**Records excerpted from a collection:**
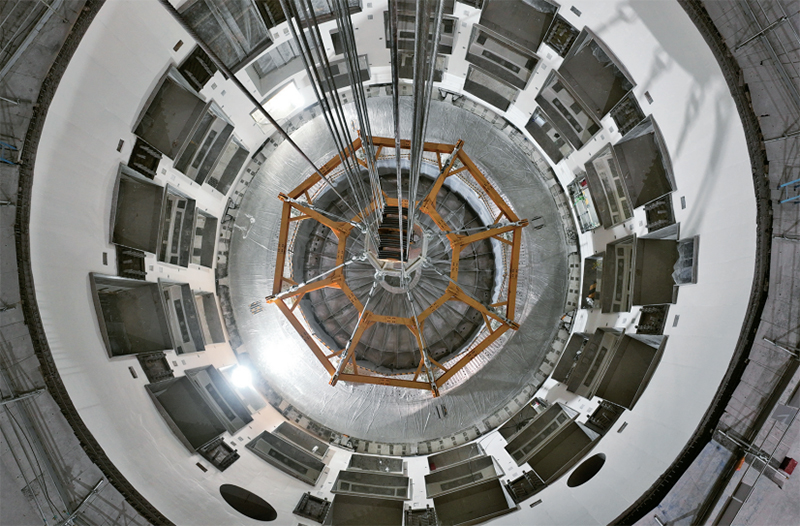 2025年10月1日上午,位于安徽合肥未來大科學(xué)城的緊湊型聚變能實驗裝置(BEST)主機(jī)首個關(guān)鍵部件——杜瓦底座成功落位安裝,標(biāo)志著項目主體工程建設(shè)步入新階段。該裝置建設(shè)的穩(wěn)步推進(jìn),對于我國率先開展前沿聚變科學(xué)研究、驗證未來聚變堆關(guān)鍵技術(shù)、持續(xù)引領(lǐng)國際聚變能發(fā)展具有重大戰(zhàn)略意義。圖為在裝置建設(shè)現(xiàn)場拍攝的杜瓦底座(無人機(jī)照片)。 新華社記者 周牧/攝
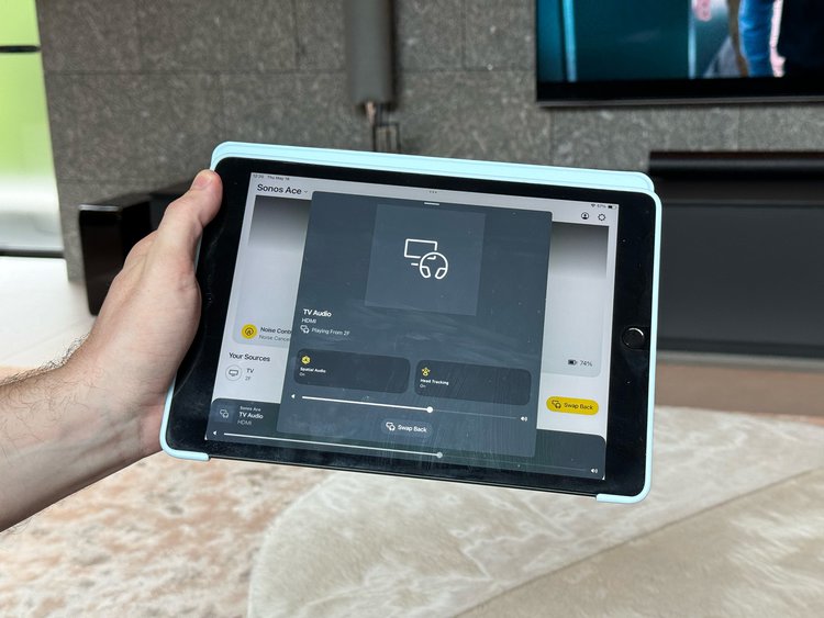 ドルビーアトモスによるイマーシブサウンドもヘッドホンでリアルに再現する。機器のセットアップにはSonosのモバイルアプリを使用する
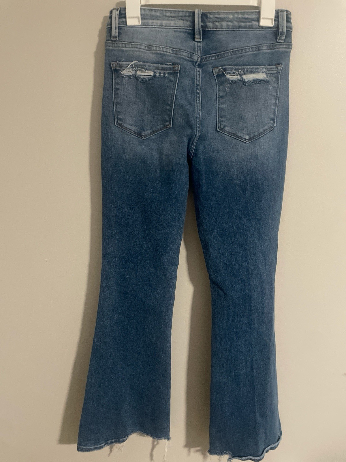 Flying Monkey Distressed Medium Wash Flared Denim Jeans Blue Women
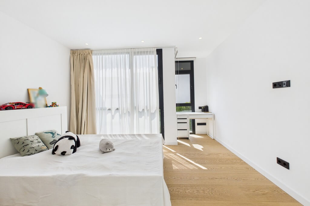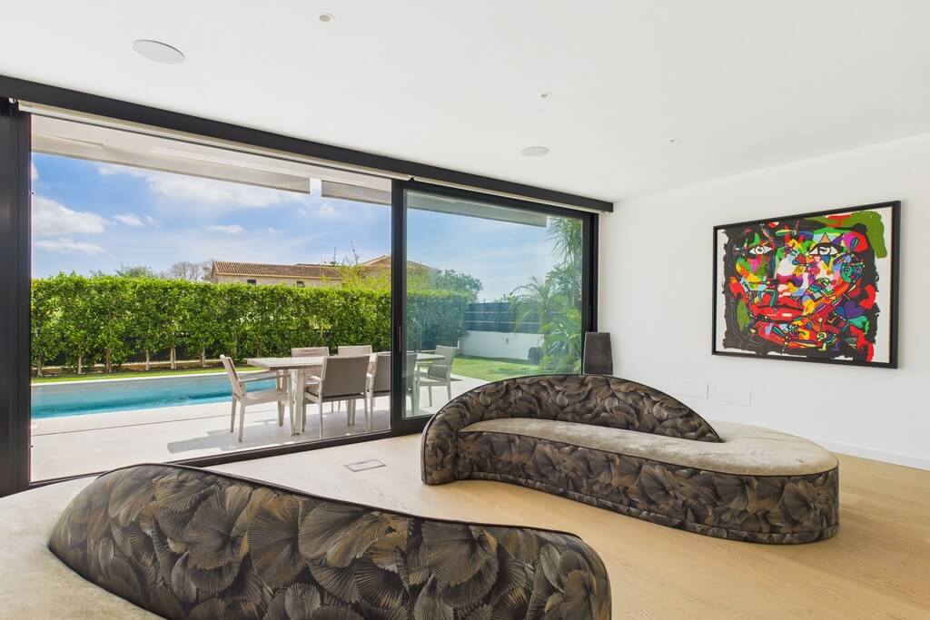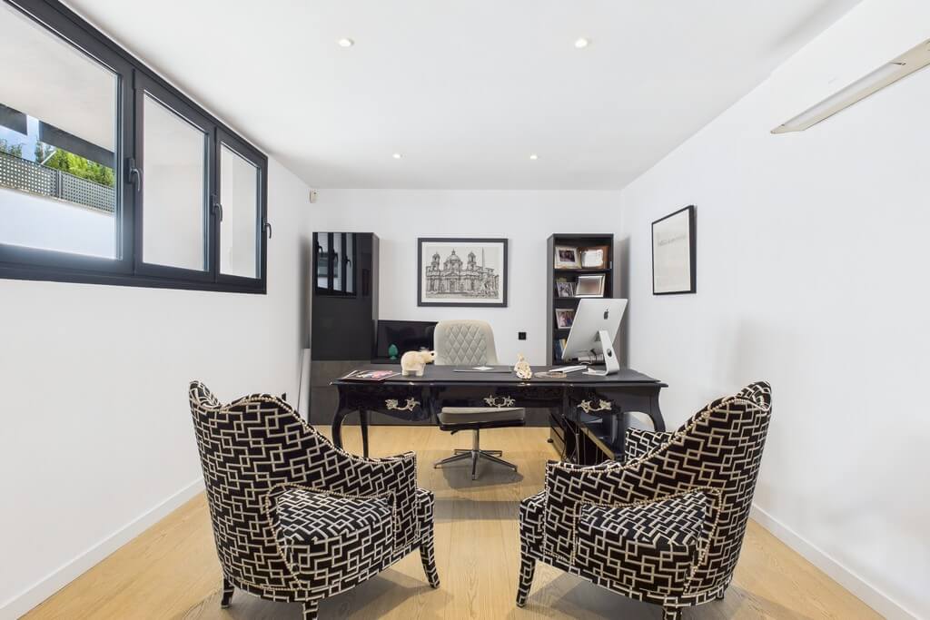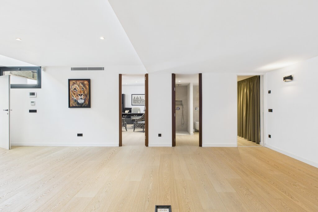 The lower level offers a second living room that can also be used as a home cinema or fitness area. It also houses a fifth bedroom, ideal as a home office
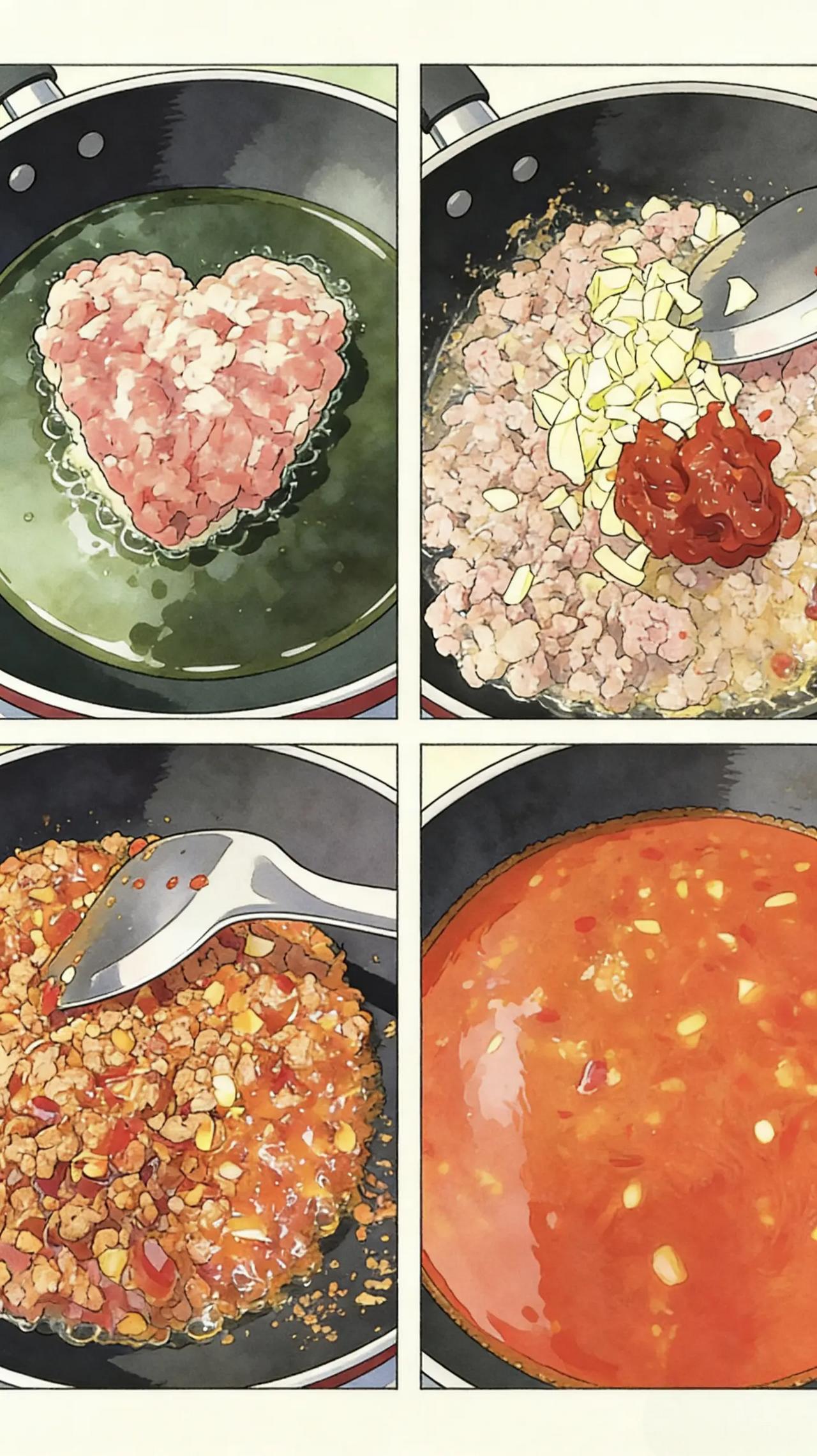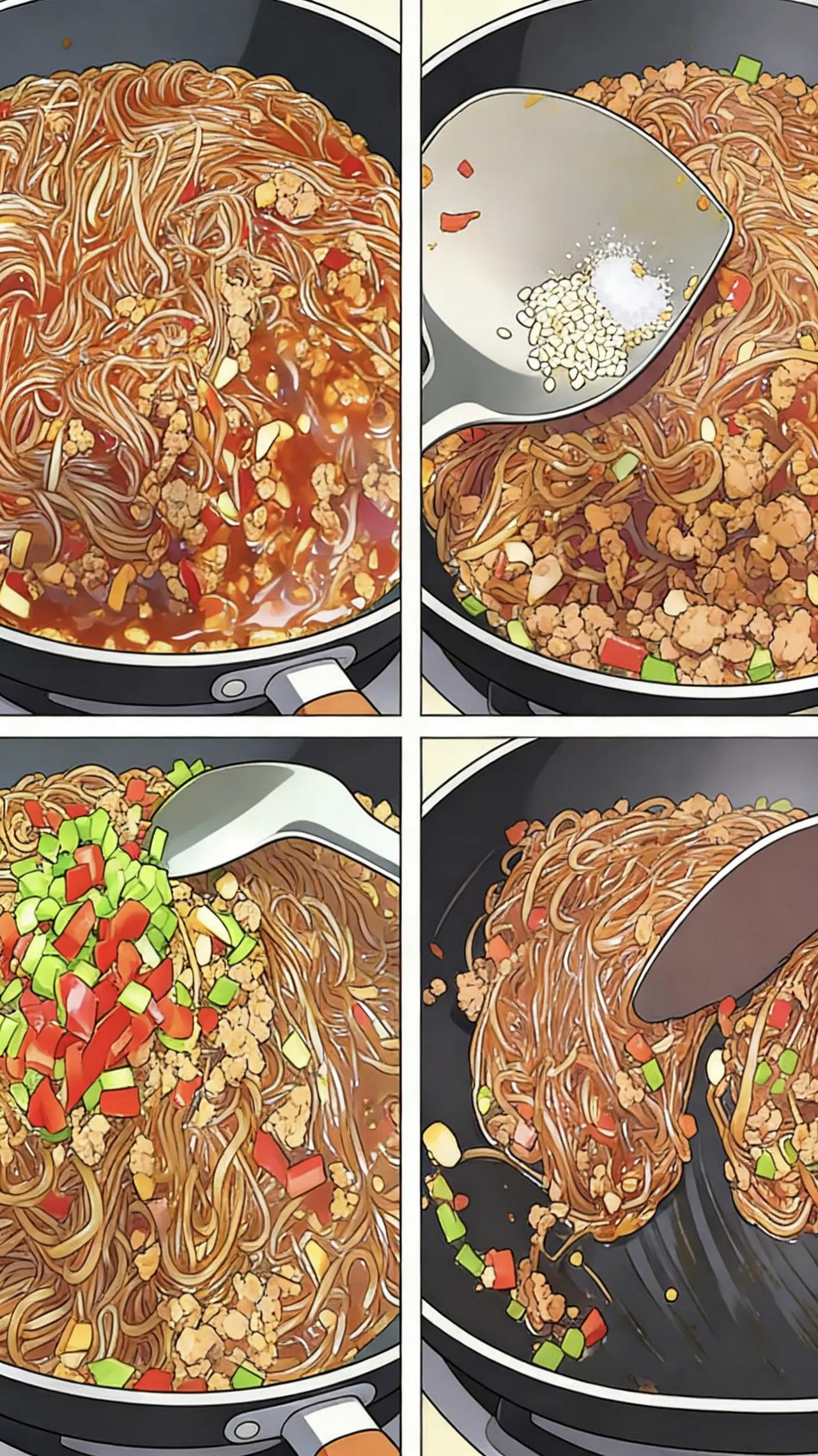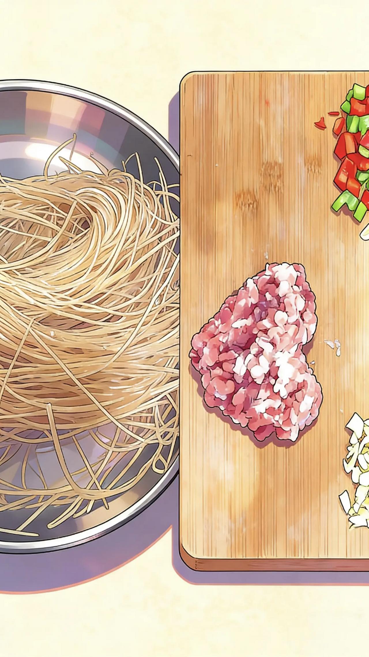 蚂蚁上树。蚂蚁上树——肉沫粉条家常下饭菜,根根入味,香辣过瘾---用料· 肉沫:150g(约小拳头大小)· 红薯粉条:1把(约手腕粗细)· 青红椒:适量(能吃辣可换成线椒+小米辣)· 豆瓣酱:2勺· 生抽:1勺· 老抽/蚝油:各半勺· 盐/鸡精:各小半勺· 蒜:4-5瓣,切末---做法步骤步骤 1:准备食材· 红薯粉条提前半天用冷水泡软,或温水泡15-20分钟。· 青红椒切丁(吃辣可换线椒、小米辣切圈)。· 肉馅备好,蒜切末。步骤 2:炒香底料· 锅中热油,下肉沫炒散。· 加入蒜末、2勺豆瓣酱,炒出红油和香味。· 倒入一大碗清水。步骤 3:调味煮粉· 锅中加1勺生抽、半勺老抽、半勺蚝油,调匀。· 放入泡软的粉条,转小火焖3-5分钟,至粉条透明、无硬芯。步骤 4:收汁加辣· 调入少许盐、鸡精(口味淡可先尝味再决定是否加盐)。· 撒入辣椒粒,转大火收汁即可。---小贴士1. 粉条泡软后再煮,更易入味且不易粘锅。2. 收汁时注意翻动,让每根粉条裹满酱汁。3. 辣度可随喜好调整,加点花椒更麻辣过瘾!---香辣滑嫩的蚂蚁上树,配米饭绝了!快试试吧~美食 美食视频 美食插画 漫画美食

**INSTRUCTIONS FOR THE TASK:**
The required output is the lines from the one containing "The lower level" through the end of the data, printed exactly, with no pictures.

**TASK OUTPUT:**
 The lower level offers a second living room that can also be used as a home cinema or fitness area. It also houses a fifth bedroom, ideal as a home office
 蚂蚁上树。蚂蚁上树——肉沫粉条家常下饭菜,根根入味,香辣过瘾---用料· 肉沫:150g(约小拳头大小)· 红薯粉条:1把(约手腕粗细)· 青红椒:适量(能吃辣可换成线椒+小米辣)· 豆瓣酱:2勺· 生抽:1勺· 老抽/蚝油:各半勺· 盐/鸡精:各小半勺· 蒜:4-5瓣,切末---做法步骤步骤 1:准备食材· 红薯粉条提前半天用冷水泡软,或温水泡15-20分钟。· 青红椒切丁(吃辣可换线椒、小米辣切圈)。· 肉馅备好,蒜切末。步骤 2:炒香底料· 锅中热油,下肉沫炒散。· 加入蒜末、2勺豆瓣酱,炒出红油和香味。· 倒入一大碗清水。步骤 3:调味煮粉· 锅中加1勺生抽、半勺老抽、半勺蚝油,调匀。· 放入泡软的粉条,转小火焖3-5分钟,至粉条透明、无硬芯。步骤 4:收汁加辣· 调入少许盐、鸡精(口味淡可先尝味再决定是否加盐)。· 撒入辣椒粒,转大火收汁即可。---小贴士1. 粉条泡软后再煮,更易入味且不易粘锅。2. 收汁时注意翻动,让每根粉条裹满酱汁。3. 辣度可随喜好调整,加点花椒更麻辣过瘾!---香辣滑嫩的蚂蚁上树,配米饭绝了!快试试吧~美食 美食视频 美食插画 漫画美食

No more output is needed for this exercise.